Mitch VanDuyn edited this page Jan 9, 2017 · 1 revision

@catmando, @barriehadfield

Hyperloop elevator pitch

Hyperloop is an Isomorphic Web Application Framework based on Components, Operations, Models and Policies. Hyperloop wants you to enjoy quickly building modern interactive web applications. Hyperloop includes full access to the entire Rails ecosystem and front-end JavaScript libraries like React and jQuery - all using one great language - Ruby.

Hyperloop is here so you can write code that is directed toward solving the user's needs in the most straightforward manner, without redundant code, unnecessary APIs, or artificial separation between client and server.

This guide will take you through all the main Hyperloop architectural layers.

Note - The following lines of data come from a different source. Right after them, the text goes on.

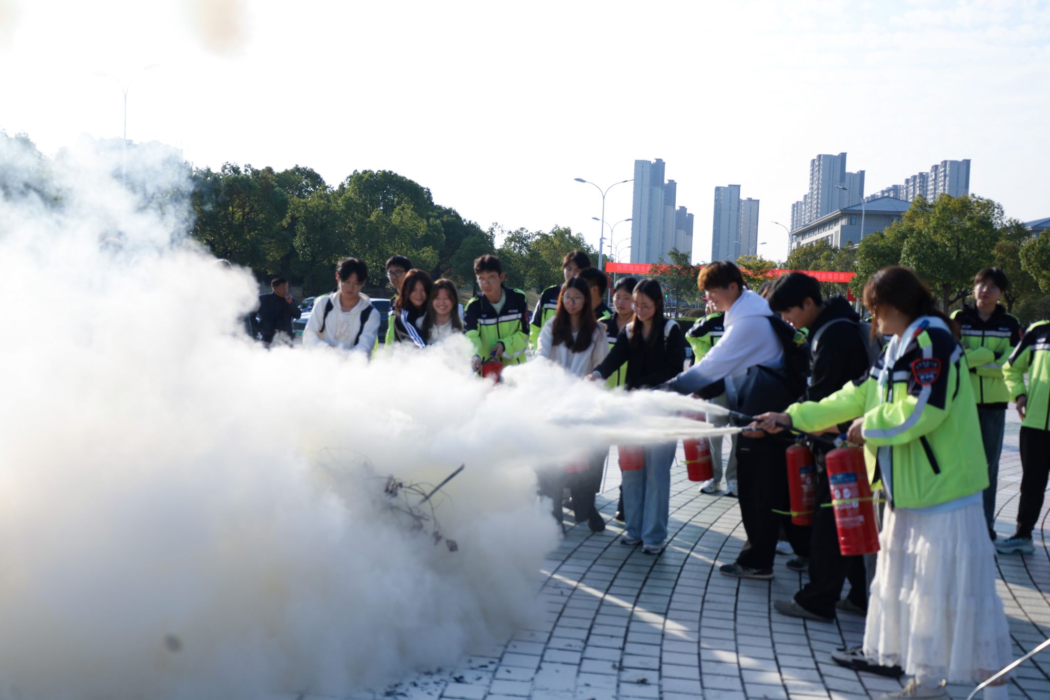 当第一声警报响起,各班级辅导员迅速组织学生紧急避震,同学们迅速抱头,用双手保护头颈,蜷曲身体,降低身体重心,躲在课桌下或教室内墙角处。30秒后,立即进入火灾疏散演练环节,同学们低头弯腰,穿过浓烟弥漫的“火场”,按照疏散路线依次、快速撤离到广场。“只见浓烟滚滚,场面令人震撼,我真真切切地感受到了火灾的危险与逃生的紧迫。通过这样的演练,以后无论在家还是在校,倘若真的出现火情,我坚信自己一定能够冷静应对。”生命科学学院石旌男同学说到。学生校卫队董康宁同学参与火灾疏散引导,她表示,“为尽量还原火场的情况,我们在楼道处、出口处释放了消防演习烟雾弹。我们在各楼梯口引导同学们有序疏散,各小组密切协作,整个演练过程做到了安全、快速、有序。”
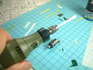 リューターの先に綿棒シャキーン!
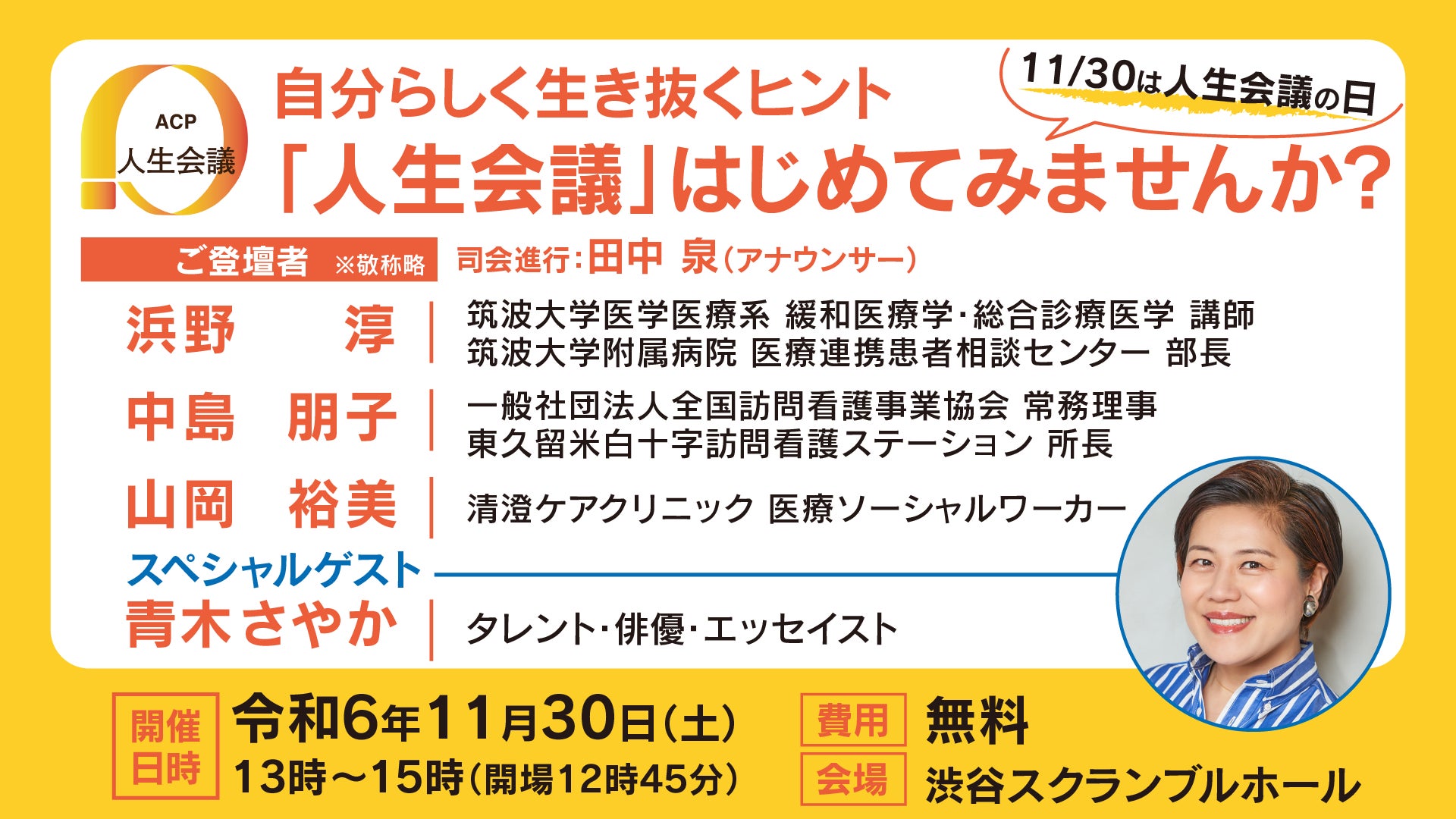 【厚生労働省主催】『自分らしく生き抜くヒント~「人生会議」はじめてみませんか?~』11月30日(土)渋谷スクランブルホールで開催決定

Models, ActiveRecord and Other Rails Gems

Hyperloop uses Rails ActiveRecord for data persistence. This allows easy integration with existing Rails apps. Other Rails gems such as ActionMailer can also be used in the standard fashion. This forms the inner core of your Hyperloop application.

Operations

Hyperloop recommends that only scopes, relations, and validations are described in model classes. All business logic can be encapsulated in reusable isomorphic Operations that do not complicate your Models or Components. Each Operation is a self-contained piece of logic that does one simple thing.

class AddToActingUsersWatchList < Hyperloop::Operation
  # Add a book to the current acting_user's watch list, and
  # send an initial email about the book.

  param :book, type: Book
  # Operations have access to the current 'acting_user'
  # so we do not need to pass it as a parameter.

  def execute
    return if acting_user.watch_list.include? params.book
    WatchListMailer.new_book_email\
      WatchList.create(user: acting_user,  book: params.book) 
  end
end

Pretty simple. Typically code like this might be found in a controller which makes it hard to reuse or in a model which makes maintenance difficult when business logic changes. Placing it in its own Operation makes it easy to maintain, reuse and test.

Of course, Operations can invoke other Operations:

class AddBookToBasket < Hyperloop::Operation
  # Add a book to the basket and add to users watchlist
  param :book, type: Book

  def execute
    acting_user.basket << book 
    AddToActingUsersWatchList(book: params.book)
  end
end

Components

You build your UI using React Components described as Ruby classes. Within your Components, you can display other components, change state, access models, or communicate with third party APIs. Typically you will want to use Operations to encapsulate these activities. Here is a simple example using our AddBookToBasket operation.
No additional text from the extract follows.